The new approach, developed at the University of Leeds, is revealing more information about disease processes—information that could be used in the future to develop new therapies or explain why conventional treatments are not working.

Such 3-D views of tissue samples may also eventually play a role in clinical practice, as medical imaging technology provides even higher resolution images of tissue.

Digital 3-D reconstruction of tissue has many uses in biological and medical research. Viewing tissue in 3-D allows researchers to study its shape in ways that would not be possible with conventional methods.

For example, a biologist may want to study the structure of developing organs, a cancer specialist may study the branching of blood vessels supplying a tumor, or a liver specialist may need to understand how this vital organ reacts to damage caused by hepatitis C. All of these require an understanding of the shape of the tissue in three dimensions.

At the moment, hospital pathologists and medical researchers cut tissue samples into ultra-thin slices and examine these by hand, one-by-one, on a microscope. This is a fairly labor-intensive process—a single slide can contain several hundred thousand cells—and the number of slices examined will be limited by the time available.

To do a true 3-D analysis, users would need to look at hundreds of different 2-D sections—something that would be prohibitively expensive by hand.

In contrast, the new system requires almost no extra manual input once the tissue has been cut and mounted onto glass slides.

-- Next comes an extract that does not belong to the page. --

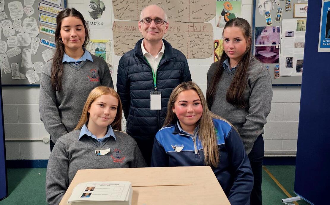 CSPE students Niamh Aherne, Ayda Hickey, Holly O’ Riordan and Katie Nolan with teacher Mr. Corbett presiding over democracy ahead of the presidential election.

An automated system turns batches of the slides into high-resolution digital images, which are then aligned using image registration software. Users can then study these virtual blocks of tissue in 3-D and zoom in on particular areas of interest.

The researchers have now tested the system on eight different types of tissue, using more than 13,000 virtual slides to create around 400 separate 3-D volumes. The system and selected case studies, including examples of liver disease, cancer, and embryology, are described in the May issue of the American Journal of Pathology.

“Up until now, the use of 3-D imaging technology to study disease has been limited because of low resolution, and the time and difficulty associated with acquiring large numbers of images with a microscope,” says lead investigator Darren Treanor, pathologist at the University of Leeds and the Leeds Teaching Hospitals NHS Trust.

“Our virtual system means that users can look at the shape and structure of cells and the ‘micro-architecture’ of blood vessels and tumors on large tissue samples. This can all be done without input from computing specialists.”

“Having a 3-D view can often make a real difference,” says Derek Magee, from the School of Computing who developed the software behind the system.

“For instance, if you want to understand how a system of blood vessels supplying a tumor connects up, you really need to see that in 3-D, not as a series of separate 2-D sections.”

The work was funded by the National Cancer Research Institute informatics initiative, Leeds Teaching Hospital Trust Research and Development, National Institute for Health Research, West Yorkshire Comprehensive Local Research Network, and UK Department of Health.